Sparse Autoencoders Map Brain-LLM Alignment onto Cortical Semantic Topography

Background

The article addresses the gap in understanding why intermediate layers of large language models (LLMs) best predict human brain responses to language. Despite this robust finding in computational neurolinguistics, the mechanisms behind it remain unexplained. To bridge this knowledge gap, researchers decompose LLMs into interpretable features using sparse autoencoders (SAEs).

Key Points

The study decomposes GPT-2 XL and Llama-3.1-8B into 16K-32K interpretable features per layer. A human-validated taxonomy with a Kappa score of at least 0.74 was used to categorize these features.
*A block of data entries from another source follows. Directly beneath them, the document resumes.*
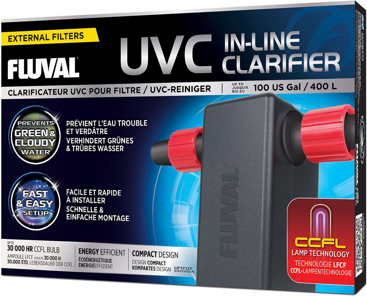 Fluval in-line UVC-klarer 400L bruger Fluval CCFL-teknik til effektivt at bekæmpe grønt og grumset vand ved at udsende kraftfuldt, DNA-ødelæggende UVC-lys. Den kemikaliefrie behandling fjerner slim- og algeproblemer uden at påvirke de gavnlige, overfladebeboende bakteriekolonier, som allerede er etableret i dit filter.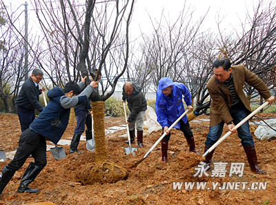 隨后,雙方互贈了紀(jì)念品,同時借植樹節(jié)之機(jī),在永嘉原野園林創(chuàng)意觀光園內(nèi)開展“植樹節(jié)”交流會,一起種下了40多棵臺灣樹種——臺灣櫻花。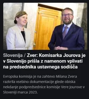 Drugi je škandalozno razkritje, da je evropska komisarka Vera Jourova slovensko ustavno sodišče dejansko obiskala z namenom vplivanja na konkretno zadevo – ustavno presojo Zakona o RTV Slovenija, čeprav so to javno zanikali tako na ustavnem sodišču kot ona sama. Milan Zver je po dveh letih pravdanja razgalil veliko prikrivanje, ki bi pod neko drugo oblastjo in drugo barvo evropske komisarke ter kompromitiranega predsednika ustavnega sodišča odjeknila kot atomska bomba – mediji bi zahtevali kri in glave vseh vpletenih, zdaj pa se ni zgodilo nič – dobesedno. Karikatura tega »niča« je mimobežna novica na MMC RTV Slovenija z naslovom, ki vsebino razkritja polaga v usta Milanu Zveru, ne pa dokumentu, v katerem je zapisana.

The findings reveal that semantic features alone account for 94% of peak encoding performance, significantly outperforming variance-matched baselines.

Decomposition and Taxonomy

1. Decomposition: LLMs are decomposed into fine-grained interpretable features.
2. Taxonomy Validation: A taxonomy with a Kappa score of at least 0.74 was validated by human experts, ensuring the reliability of the feature categorization.

Semantic Feature Dominance

• Peak Encoding Performance: Semantic features alone recover 94% of peak encoding performance (r = 0.285).
• Comparison with Baselines: Variance-matched baselines fall short, with significant differences shown through statistical tests (p < 0.001, d = 1.31).

Significance

The study introduces a novel approach to understand the mechanistic link between language models and brain responses.

Novel Cortical Topography Prediction

• Priori Categorization: Five semantic subcategories derived from three independent neuroscience programs were tested.
• Convergence Test: A formal test confirmed that SAE-discovered features map onto distinct brain regions (Spearman ρ = 0.72, p < 0.001; hypergeometric p = 0.007), showing a granularity not achieved by previous methods.

Prediction of Reading Times

• Beyond Lexical Controls: SAE features predict human reading times beyond simple lexical controls (ΔlogLik = 38.4, p < 0.001).
• Exploratory Analyses: Preliminary evidence suggests the brain encodes unexpected semantic content, providing a new dimension to understanding language processing.

Generalization

The findings generalize across English, Chinese, and French, suggesting cross-linguistic applicability of SAEs in understanding neural responses.

Conclusion

By bridging sparse autoencoders with neural encoding models, this study offers profound insights into the mechanistic relationship between LLM layers and brain activity. This work not only advances our understanding of computational neurolinguistics but also provides a new methodological framework for future research.